Lewisham, London Borough of Culture 2022

In late 2021 I was commissioned by Lewisham Local - the volunteering partner for the Lewisham, London Borough of Culture programme - to produce a series of training videos to support their induction of new volunteers.

Whilst I’m not a professional filmmaker, modern tech means it’s relatively simple to produce video to what I describe as a ‘good YouTube standard’ at a fraction of the cost of professional agencies. Below is a short trailer for the third video in the series, designed to help induct Volunteer Ambassadors into their roles.

I loved making these films!

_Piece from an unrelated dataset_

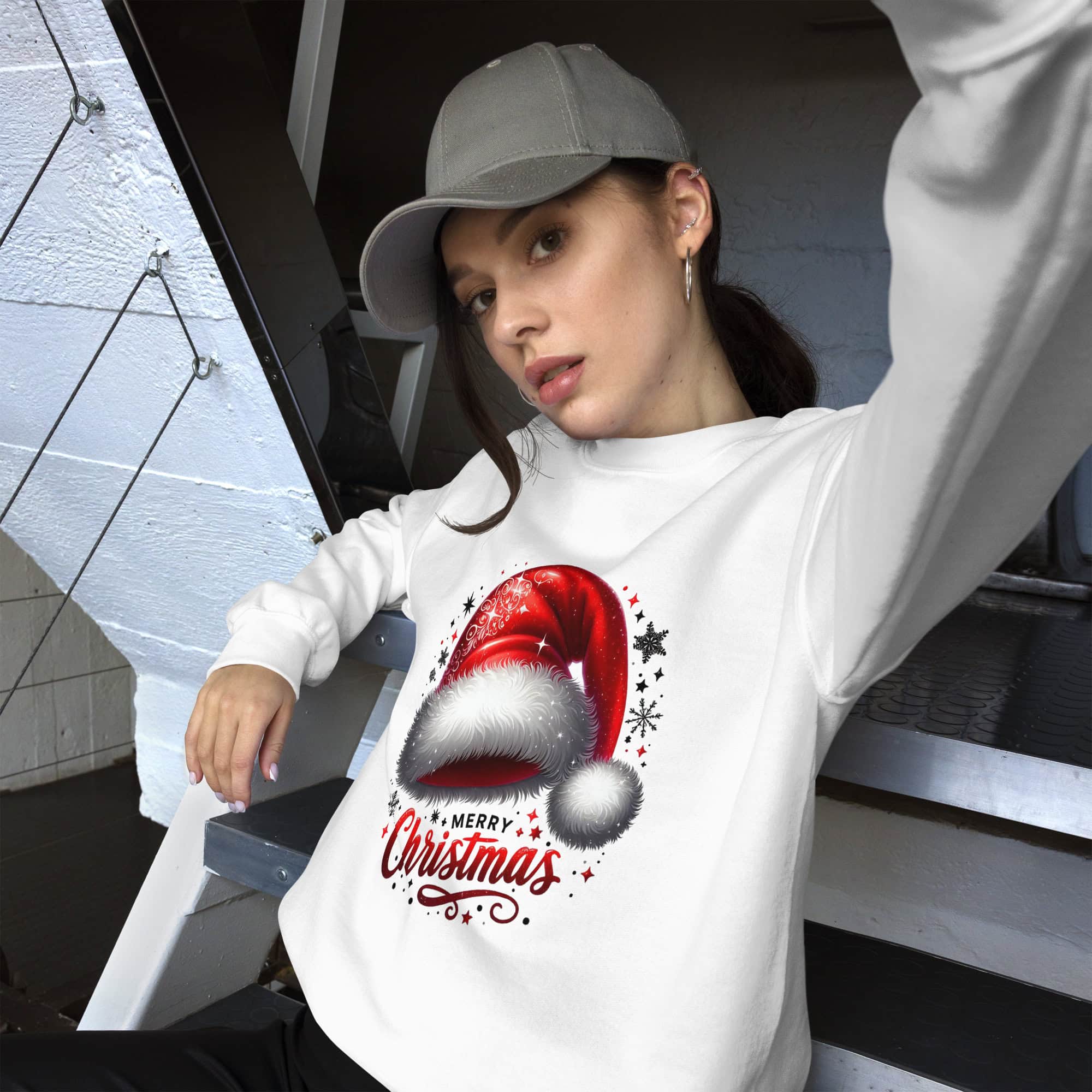 Merry Christmas Santa Hat Sweatshirt | Cozy Holiday DTFlex Print

If you’d like to discuss producing something similar for your own programmes, do get in touch.

How volunteering is changing - Vision for Volunteering

Working with Counsel Ltd, I was thrilled to be part of the team developing the cross-sector Vision for Volunteering, asking how the volunteering movement needs to adapt by 2032.

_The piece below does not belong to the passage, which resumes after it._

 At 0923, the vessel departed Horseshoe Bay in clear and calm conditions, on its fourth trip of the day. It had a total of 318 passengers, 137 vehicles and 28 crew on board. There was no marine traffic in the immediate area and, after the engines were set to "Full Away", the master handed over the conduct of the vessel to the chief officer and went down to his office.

As well as my core role in supporting Sport England’s engagement with the Vision, in order to develop a contribution specific to the sport and physical activity sector, I was also part of the central writing team for the first iteration of the Vision, published in May 2022.

This gave me the opportunity to reflect on how the volunteering landscape was changing and how the development of the Vision fitted into that story. You can read my conclusions below, also reproduced on the Vision site as the ‘How Volunteering is Changing’ section.

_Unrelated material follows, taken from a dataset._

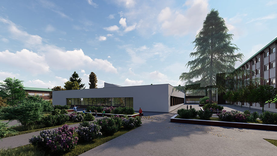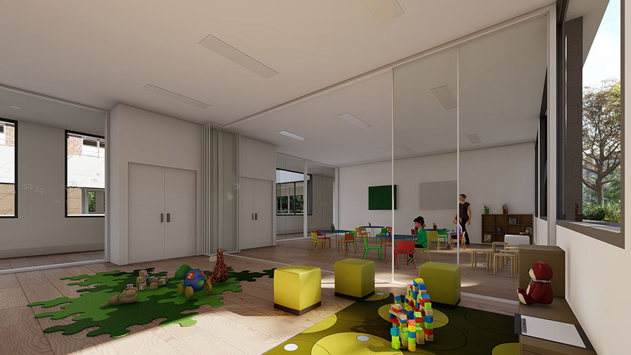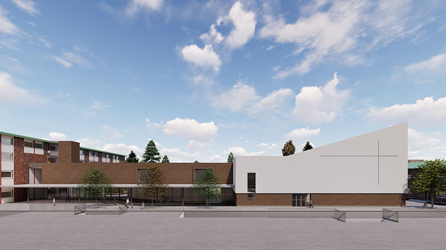 Se proyectan las nuevas aulas de infantil, el patio cubierto para las actividades de estos alumnos y la capilla principal de todo el complejo.

It’s a slightly longer piece than your average blog post - a short essay if you like - but it’s great entry into how I see the world of volunteering and where it’s going. I hope you enjoy it.


HOW VOLUNTEERING IS CHANGING

A look back into the recent history of volunteering in this country reveals several ‘breakthrough moments’ - 2005’s Year of the Volunteer, London 2012 and most recently, the Covid era. All such moments tell us something about the nature of volunteering in this country, offering real opportunity for reflection and change. It is within this spirit that the Vision for Volunteering was conceived. 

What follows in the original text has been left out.